[[ GIVEN RECORDS, beginning ]]
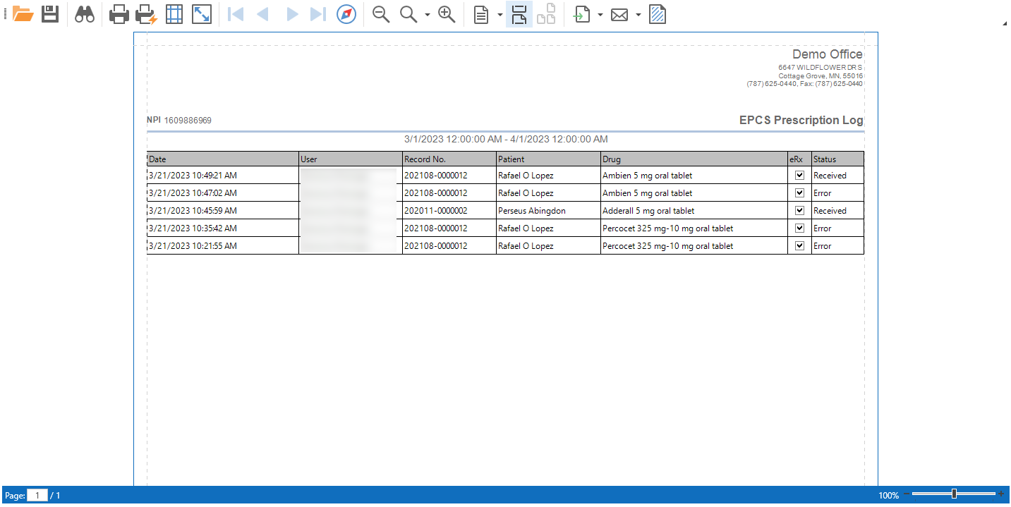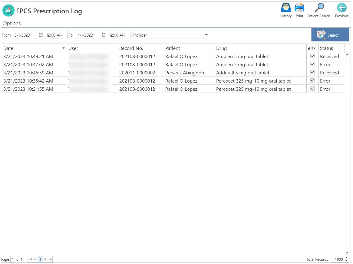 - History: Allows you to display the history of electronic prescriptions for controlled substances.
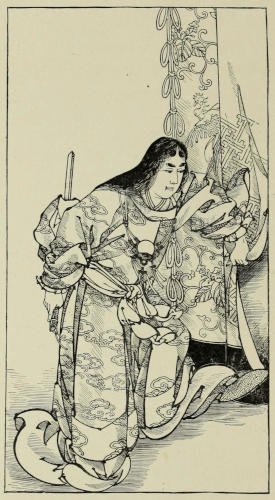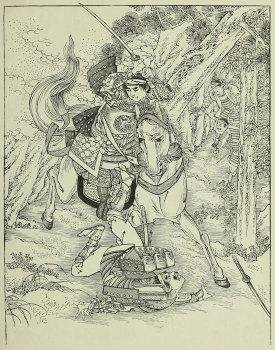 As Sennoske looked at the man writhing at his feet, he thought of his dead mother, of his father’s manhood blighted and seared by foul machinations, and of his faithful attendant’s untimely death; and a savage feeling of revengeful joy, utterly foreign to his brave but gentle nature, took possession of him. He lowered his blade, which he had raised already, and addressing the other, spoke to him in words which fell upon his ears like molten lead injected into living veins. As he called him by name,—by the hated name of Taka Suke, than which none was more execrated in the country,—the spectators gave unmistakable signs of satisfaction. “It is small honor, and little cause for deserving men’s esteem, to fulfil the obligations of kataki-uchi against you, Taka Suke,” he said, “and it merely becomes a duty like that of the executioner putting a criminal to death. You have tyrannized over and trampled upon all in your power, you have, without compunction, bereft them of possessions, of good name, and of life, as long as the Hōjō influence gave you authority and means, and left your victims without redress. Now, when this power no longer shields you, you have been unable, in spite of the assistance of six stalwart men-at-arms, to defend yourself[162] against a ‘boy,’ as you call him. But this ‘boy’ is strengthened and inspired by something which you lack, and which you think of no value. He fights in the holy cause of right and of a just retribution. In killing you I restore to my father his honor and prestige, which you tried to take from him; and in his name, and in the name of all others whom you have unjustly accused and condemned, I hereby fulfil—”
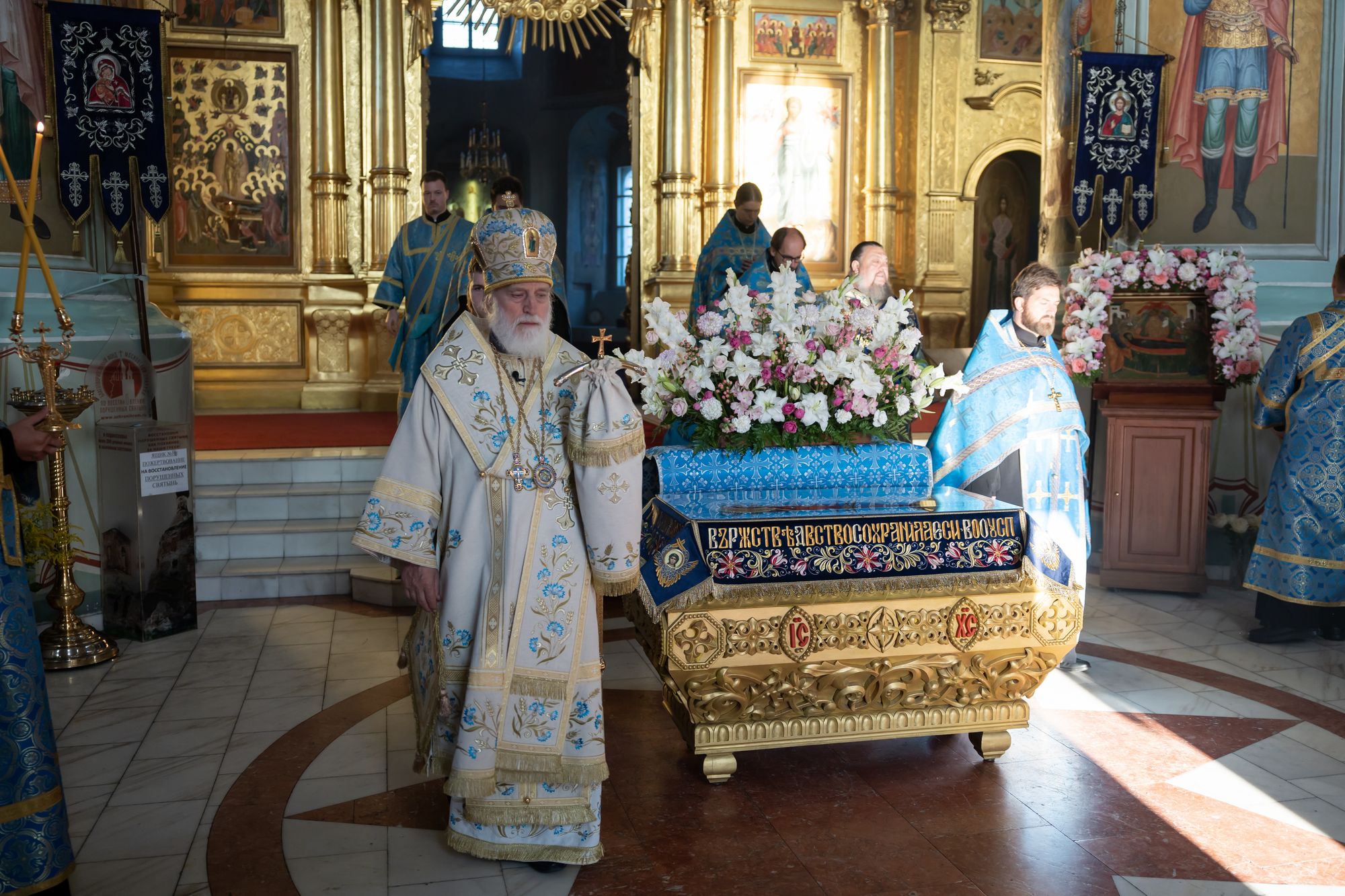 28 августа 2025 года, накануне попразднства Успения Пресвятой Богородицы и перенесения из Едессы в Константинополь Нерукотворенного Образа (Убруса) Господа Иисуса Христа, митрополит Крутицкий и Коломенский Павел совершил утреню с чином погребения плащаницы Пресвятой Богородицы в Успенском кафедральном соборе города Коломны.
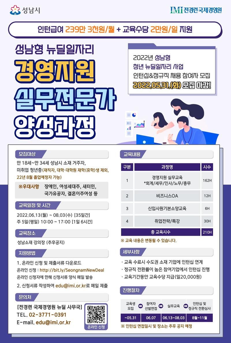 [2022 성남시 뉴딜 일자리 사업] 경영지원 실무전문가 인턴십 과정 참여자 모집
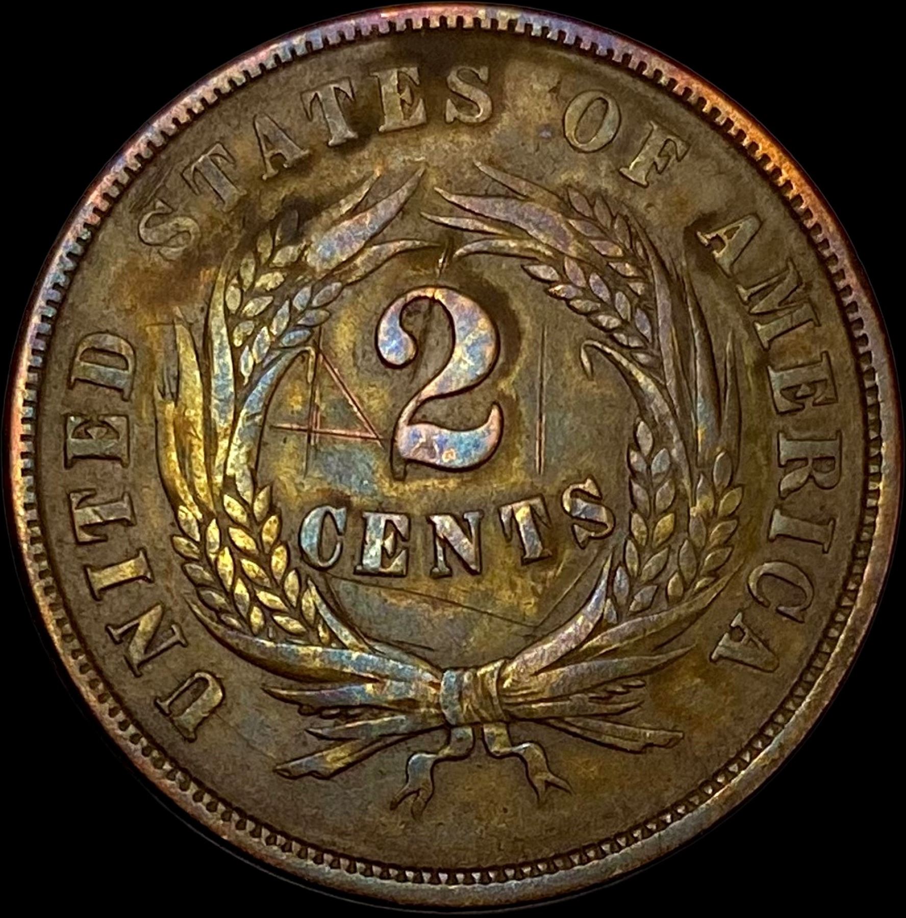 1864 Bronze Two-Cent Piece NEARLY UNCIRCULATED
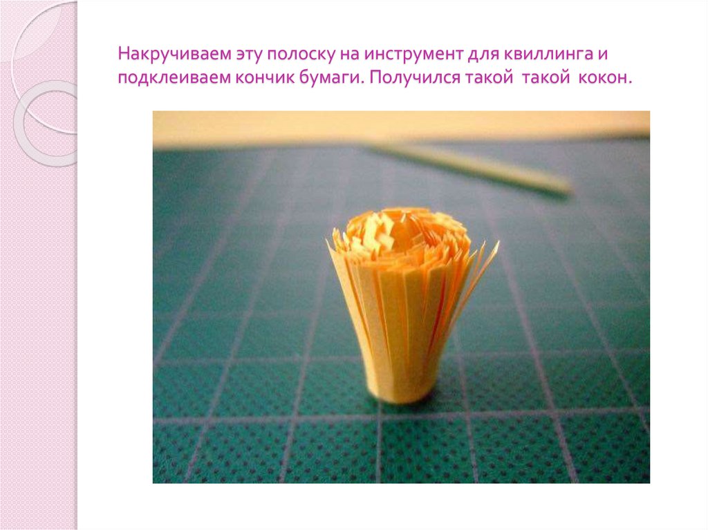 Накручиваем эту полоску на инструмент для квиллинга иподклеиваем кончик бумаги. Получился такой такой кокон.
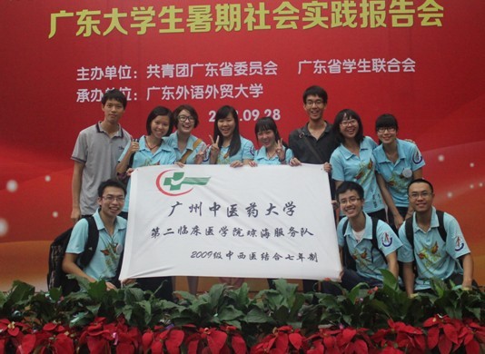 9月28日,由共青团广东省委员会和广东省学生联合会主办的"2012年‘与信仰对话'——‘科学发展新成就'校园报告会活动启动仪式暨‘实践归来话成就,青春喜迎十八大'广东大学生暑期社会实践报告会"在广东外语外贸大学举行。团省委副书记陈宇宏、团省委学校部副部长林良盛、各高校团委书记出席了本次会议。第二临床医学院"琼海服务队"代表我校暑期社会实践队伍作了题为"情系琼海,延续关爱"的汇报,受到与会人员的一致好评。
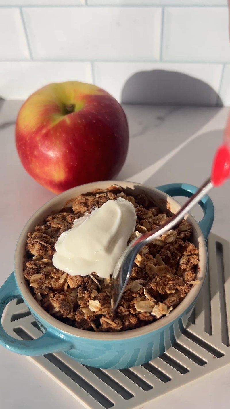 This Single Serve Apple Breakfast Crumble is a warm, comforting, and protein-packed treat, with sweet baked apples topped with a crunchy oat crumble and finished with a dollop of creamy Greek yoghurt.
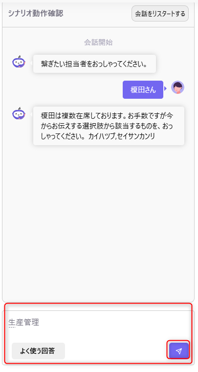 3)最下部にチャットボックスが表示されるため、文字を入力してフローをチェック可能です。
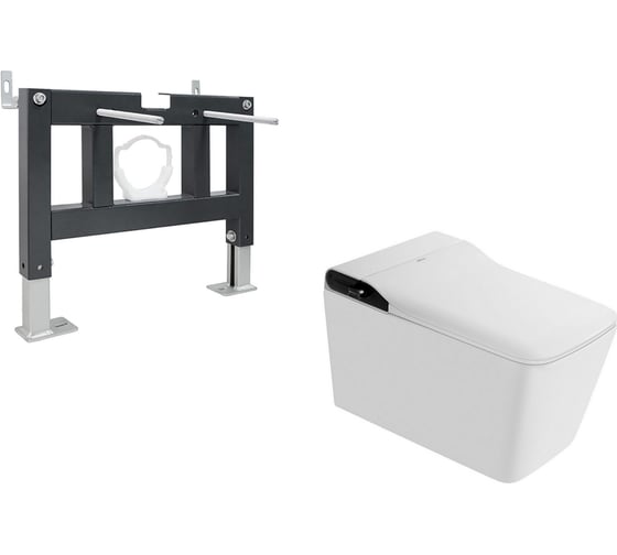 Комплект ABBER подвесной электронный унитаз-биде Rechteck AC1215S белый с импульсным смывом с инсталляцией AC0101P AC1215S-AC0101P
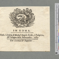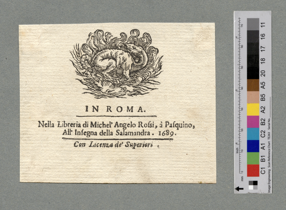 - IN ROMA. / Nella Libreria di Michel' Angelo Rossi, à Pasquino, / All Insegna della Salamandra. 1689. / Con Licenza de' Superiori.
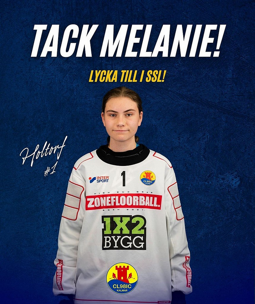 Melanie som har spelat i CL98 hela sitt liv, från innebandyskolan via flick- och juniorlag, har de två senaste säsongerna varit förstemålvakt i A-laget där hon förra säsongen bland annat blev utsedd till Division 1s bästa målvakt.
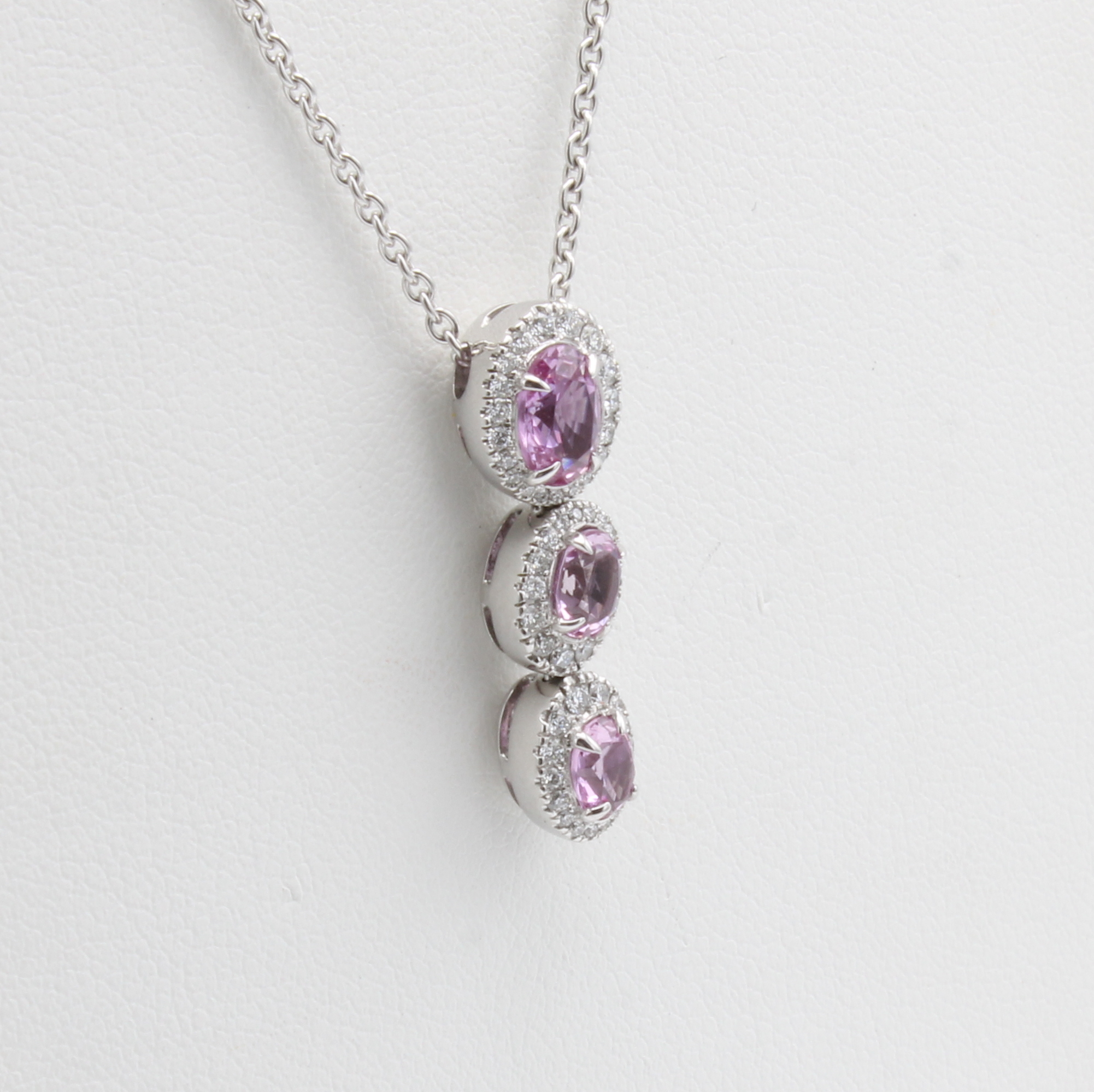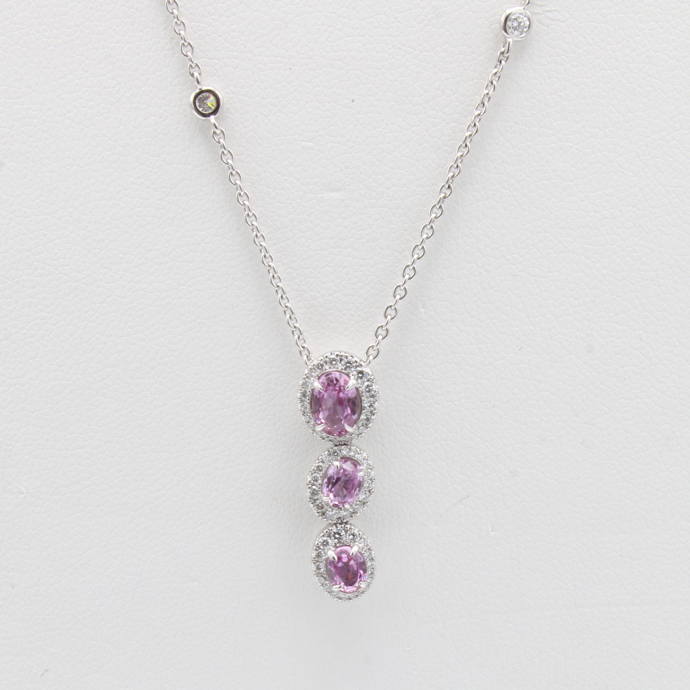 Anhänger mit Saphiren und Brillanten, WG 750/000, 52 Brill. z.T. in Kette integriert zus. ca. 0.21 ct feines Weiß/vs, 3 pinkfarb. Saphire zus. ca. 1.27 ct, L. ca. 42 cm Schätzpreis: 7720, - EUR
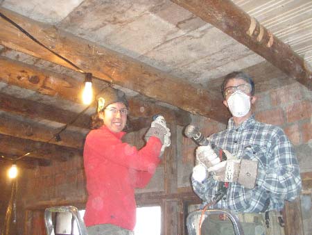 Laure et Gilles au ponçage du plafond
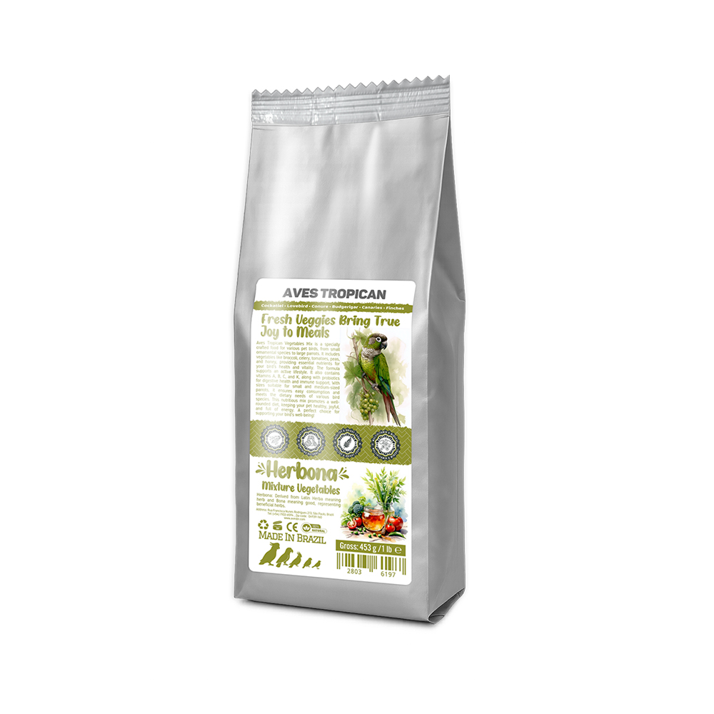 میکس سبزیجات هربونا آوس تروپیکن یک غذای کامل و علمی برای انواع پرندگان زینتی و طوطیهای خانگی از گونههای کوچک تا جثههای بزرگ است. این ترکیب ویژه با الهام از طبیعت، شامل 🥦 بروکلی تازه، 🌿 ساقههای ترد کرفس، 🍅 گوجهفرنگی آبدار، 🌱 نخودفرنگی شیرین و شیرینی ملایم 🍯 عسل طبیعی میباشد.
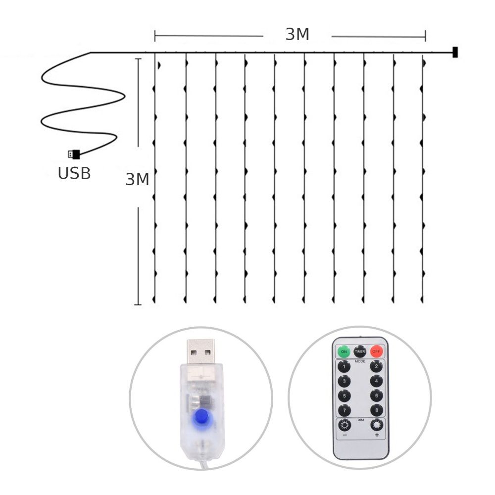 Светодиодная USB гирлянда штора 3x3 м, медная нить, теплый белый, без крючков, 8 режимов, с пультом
[[ GIVEN RECORDS, end ]]
### THE TASK
From the records above, output only the lines starting at the one containing "Anhänger mit Saphiren" and ending at the one containing "میکس سبزیجات هربونا", word for word. Pictures stay out.

### RESULT OF THIS EXERCISE
 Anhänger mit Saphiren und Brillanten, WG 750/000, 52 Brill. z.T. in Kette integriert zus. ca. 0.21 ct feines Weiß/vs, 3 pinkfarb. Saphire zus. ca. 1.27 ct, L. ca. 42 cm Schätzpreis: 7720, - EUR
 Laure et Gilles au ponçage du plafond
 میکس سبزیجات هربونا آوس تروپیکن یک غذای کامل و علمی برای انواع پرندگان زینتی و طوطیهای خانگی از گونههای کوچک تا جثههای بزرگ است. این ترکیب ویژه با الهام از طبیعت، شامل 🥦 بروکلی تازه، 🌿 ساقههای ترد کرفس، 🍅 گوجهفرنگی آبدار، 🌱 نخودفرنگی شیرین و شیرینی ملایم 🍯 عسل طبیعی میباشد.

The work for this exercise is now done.